Ein wirksames Änderungsmanagement setzt verschiedene Rahmenbedingungen voraus. Dazu gehört die Verankerung in der Qualitätspolitik ebenso wie die klare Festlegung von Abläufen, Zuständigkeiten und Entscheidungsbefugnissen. Die für das Änderungsmanagement erforderlichen Ressourcen müssen von der Obersten Leitung bereitgestellt werden.
Ein solides Wissensmanagement ist unentbehrlich, um Änderungen prospektiv und risikobasiert beurteilen und effizient umsetzen zu können. Änderungsmanagement betrifft aber nicht nur interne Prozesse, sondern muss auch in Lohnauftragsbeziehungen geregelt werden. Last but not least gilt es, durch eine gute Zusammenarbeit mit den zuständigen Behörden das Änderungsverfahren zu vereinfachen, Reibungspunkte zu vermeiden und Kosten zu reduzieren.
Wie gestaltet sich ein Änderungsablauf im Detail?

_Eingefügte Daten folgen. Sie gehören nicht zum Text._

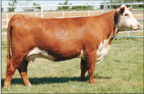
BR VIRGINIA GAEA 4073 Dam of Lot 15
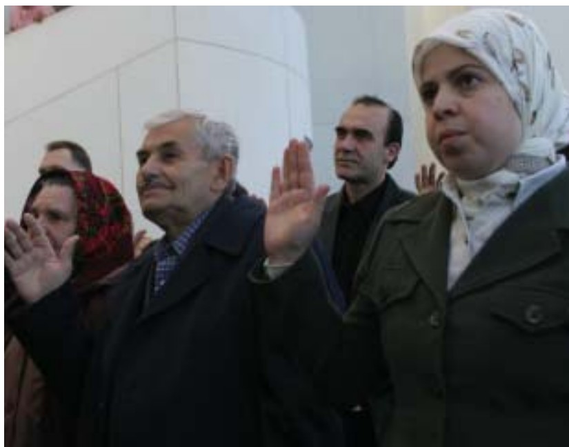
New Americans take the oath of U.S. citizenship in Library Pavilion.
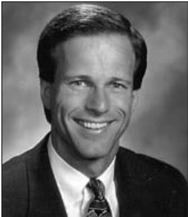
Pro-gun Rep. John Thune (R-SD)

Senator Smith, the Senate sponsor, put it this way: “An armed pilot is the airplane’s first line of deterrence and the last line of defense.” ■
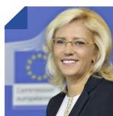
Corina Cretu European Commissioner for Regional Policy
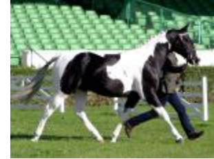
Herith Travelling On

Higher Boyce Farm Stud has a choice of two stallions:
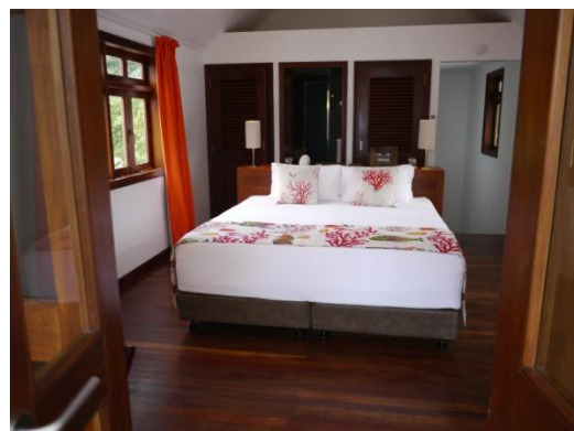
Villa Anne Dieu Le Veut
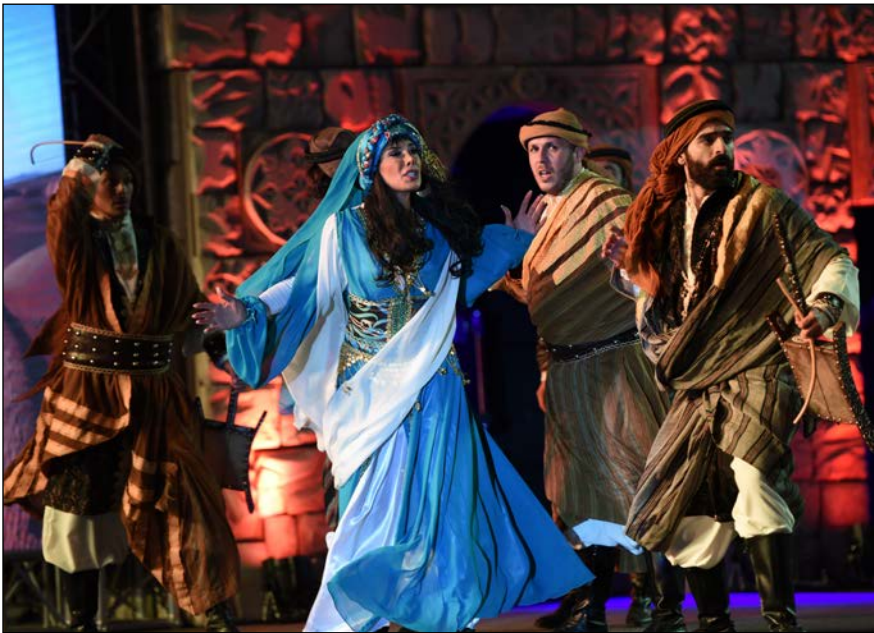
Jollanar Dance Theatre performing a musical about a stolen Arabian horse.

Jedes Änderungsverfahren beginnt mit einem Auslöser, der interner, externer oder regulatorischer Natur sein kann. Die vorgesehene Änderung ist im Änderungsantrag zu beschreiben und zu begründen. Die Auswirkungen der Änderung werden risikobasiert beurteilt. Im Rahmen der Risikosteuerung wird dann über Genehmigung, Ablehnung oder Abbruch des Änderungsverfahrens entschieden. Änderungen dürfen erst nach erfolgter Genehmigung umgesetzt werden. Dabei sind ggf. weitere Voraussetzungen zu erfüllen und/oder Dokumente anzupassen. Für umfangreiche Änderungen kann auch eine eigene Projektorganisation erforderlich sein. Nachdem die Änderung umgesetzt ist, muss geprüft werden, ob die beabsichtigte Wirksamkeit auch gegeben ist. Je nach Art der Änderung kann dies z. B. im Rahmen des Management Reviews oder des PQRs erfolgen, oder im Rahmen der fortlaufenden Prozessverifikation und des Abweichungsmanagements verfolgt werden.
Wie ist das Änderungsmanagement zu dokumentieren?

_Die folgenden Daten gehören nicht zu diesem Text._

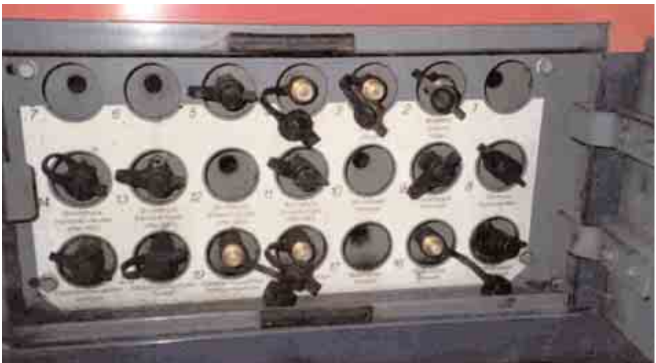
Figure 9 Test points which can be used to charge individual air circuits

(normally an 'n'-type coupling or 'ISO'-type fitting) behind the front panel that can be coupled to the recovery vehicle. Often brake circuits have dual
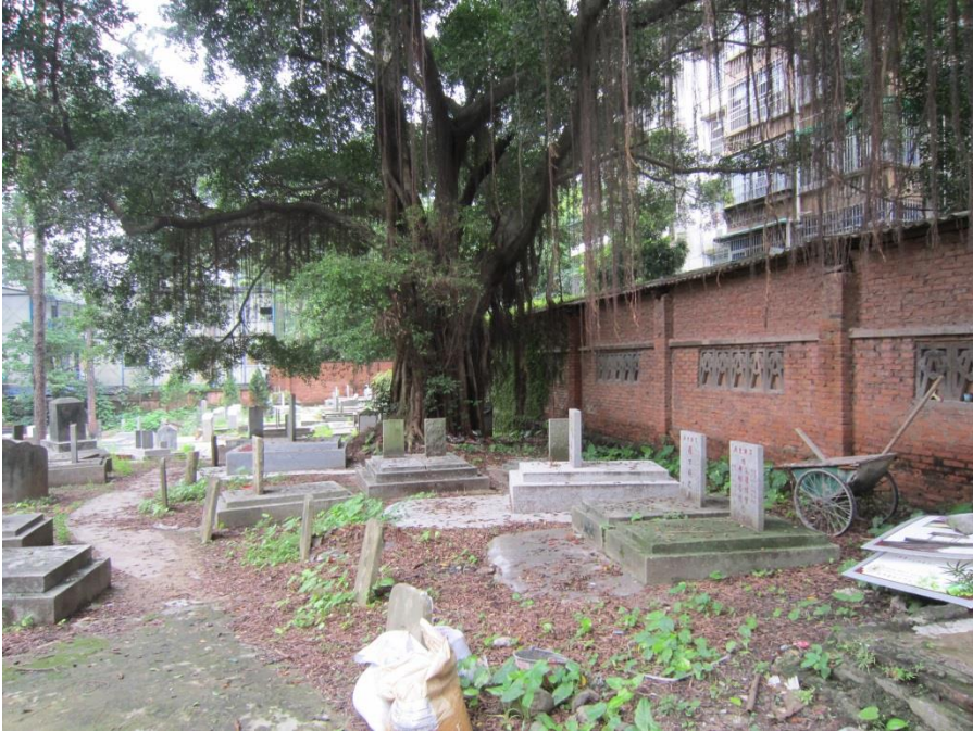
13 Guangzhou: Lingnan University Cemetery ©2018
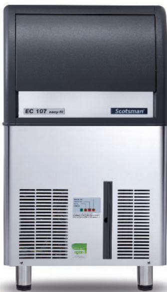
Medium gourmet cube 20g, 30mm dia x H 34mm
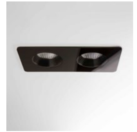
CODE: 1254018 FINISH: BLACK

TO MAINTAIN THIS PRODUCT TO ITS BEST CONDITION, PLEASE VIEW OUR CARE AND CLEANING GUIDE ON THE SUPPORT SECTION OF THE ASTRO WEBSITE.
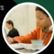
VISUAL & MEDIA ARTS
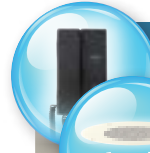
Subs & PA Systems

Communicate between offices from within a building or with an office across town. Internally communicate using a standard or PC master station.
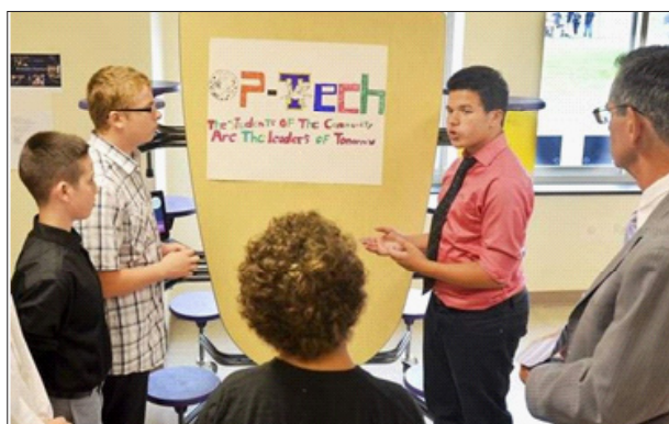
Clockwise from top right: P-TECH students use a team approach to solve real-life manufacturing challenges; students and staff discuss P-TECH's mission; Commissioner of Education and President of the University of the State of New York Dr. John B. King, Jr. visits Riverfront P-TECH classes.

focused high school that gives students the skills manufacturing employers need. The inaugural Riverfront class of 34 started in September and is one of 16 P-TECH models in New York State.
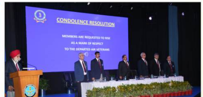
VETERANS OBSERVE TWO MINUTES SILENCE FOR DEPARTED SOULS AT AFA RAISING DAY
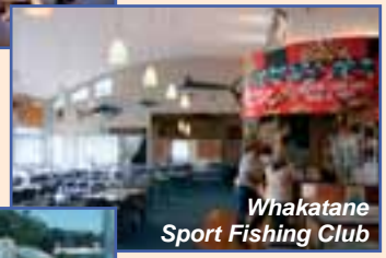
Whakatane Sport Fishing Club
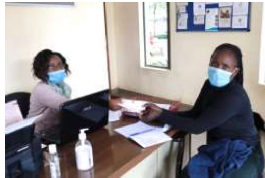
Parent receives the School Fees cheque from the Sponsorship Office.

The 2020 academic year’s third term for Form One to Form Three students commenced in May. Students were busy organizing themselves submitting their fee structure to the Sponsorship Office for payment.
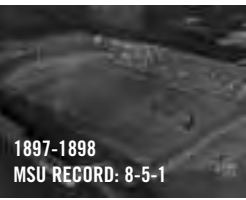
1897-1898 MSU RECORD: 8-5-1
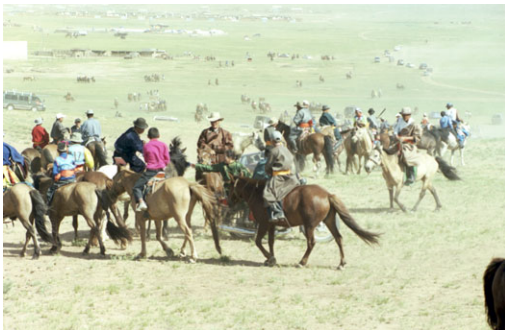
Horse Races

Genghis Khan is long dead and his world empire has gone down. However, wrestling, archery and horse races are considered the most important sports in Mongolia. At the Nadaam festival, which is the Mongolian public holiday, Mongolians compete in those sports - like athletes do at the Olympic Games. Every year, from July 11th to the 13th, Mongolians celebrate the Nadaam festival. Horse races are the special highlight of the festival. Families start preparing for the races many weeks in advance. Often children (especially girls) between the ages of 6 and 12 participate as jockeys. At the end of every race, there is an award for the fastest horse and the horse's breeder.
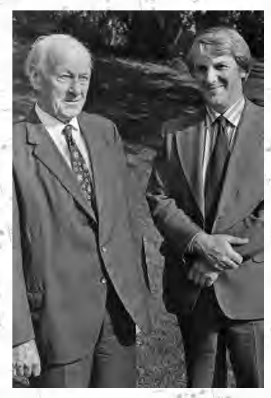
April 2014 Vol.18, No. 4
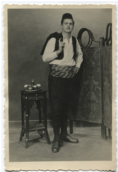
Studio portrait of a man
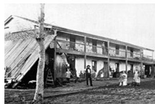
Historical photographs are an invaluable aid and time saver in establishing a building's original construction and evolution; in guiding the replication of missing features; and even in understanding existing material deterioration. The availability of information, such as archival photographs, surviving original architectural drawings, or HABS documentation, has a direct bearing on the cost of preparing a historic structure report. In this circa 1890 photo of the Rancho San Andrés Castro Adobe, the "lumbering up" on the south end is a character-defining feature of adobe construction that is rarely seen today. Photo: Historic Structure Report for Rancho San Andrés Adobe by Edna Kimbro, State Historian, California State Parks, Monterey District

The procedures for preparing a historic structure report and the outline of report content and organization can serve as the basis to develop a scope of work for the study and also to solicit proposals for a report that reflects the requirements of the specific structure, and, of course, the available budget. Although the request for proposals should always establish such a scope of work, firms may be invited to suggest adjustments to the scope of work based on their past experience. The request for proposals should include a qualifications submittal from each proposer. This submittal should include resumes for the principal investigators and a description of experience in preparing historic structure reports or similar studies, as well as experience with buildings of similar type, age, and construction to the subject of the study. References and sample of work may be requested from the proposer as part of this submittal. An interview with one or more candidates is highly recommended, both so that the proposers can present their project approach and qualifications, and so that the client can ask questions in response to the submitted proposal.
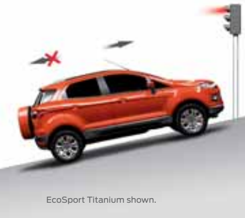
EcoSport Titanium shown.

Die Dokumentation des Änderungsmanagements umfasst nicht nur die Einzelfalldokumentation. Das Änderungsmanagement muss in der Qualitätspolitik und im Validierungsmasterplan verankert sein und in einer Verfahrensanweisung beschrieben werden. Außerdem müssen alle Roh- und Sekundärdaten, die im Zusammenhang mit einer Änderung genutzt werden, vollständig erfasst und aufbewahrt werden. Zur Archivierung von Verfahrensanweisungen und Anträgen zum Änderungsmanagement gibt es keine spezifischen regulatorischen Anforderungen. Die Aufbewahrungsdauer richtet sich u.a. nach dem Gegenstand der Änderung.
Wie wird das Änderungsmanagement auditiert?

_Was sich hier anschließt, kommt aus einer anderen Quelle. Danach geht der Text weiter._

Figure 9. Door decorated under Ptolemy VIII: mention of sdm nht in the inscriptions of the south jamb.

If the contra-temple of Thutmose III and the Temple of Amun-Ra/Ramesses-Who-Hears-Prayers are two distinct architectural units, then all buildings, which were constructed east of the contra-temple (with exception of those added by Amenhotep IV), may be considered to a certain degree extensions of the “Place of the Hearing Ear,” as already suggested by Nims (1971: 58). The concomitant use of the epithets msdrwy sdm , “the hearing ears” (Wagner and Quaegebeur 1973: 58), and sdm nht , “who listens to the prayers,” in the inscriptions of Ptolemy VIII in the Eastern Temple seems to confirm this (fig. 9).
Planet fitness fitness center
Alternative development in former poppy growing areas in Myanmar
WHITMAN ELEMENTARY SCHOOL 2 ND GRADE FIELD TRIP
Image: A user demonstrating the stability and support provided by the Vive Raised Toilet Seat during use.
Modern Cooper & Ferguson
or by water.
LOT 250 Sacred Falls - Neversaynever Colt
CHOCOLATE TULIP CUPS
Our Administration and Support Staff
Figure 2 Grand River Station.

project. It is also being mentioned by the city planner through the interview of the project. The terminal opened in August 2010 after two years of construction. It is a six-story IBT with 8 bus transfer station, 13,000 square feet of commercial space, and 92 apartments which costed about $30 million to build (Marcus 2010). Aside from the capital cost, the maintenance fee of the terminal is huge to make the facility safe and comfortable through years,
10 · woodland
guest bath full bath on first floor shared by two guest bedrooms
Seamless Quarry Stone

Die Überprüfung von Änderungsmanagementsystemen ist ein kritischer Prozess zur Sicherstellung, dass Änderungen den EU-GMP-Richtlinien entsprechen. Audits bei Auftragnehmern und Lieferanten sowie interne Audits (Selbstinspektionen) sind entscheidend für die Aufrechterhaltung der Produktqualität und die Einhaltung regulatorischer Anforderungen. Diese Audits sollten in regelmäßiger Frequenz sowie nach festgestellten Auffälligkeiten durchgeführt werden.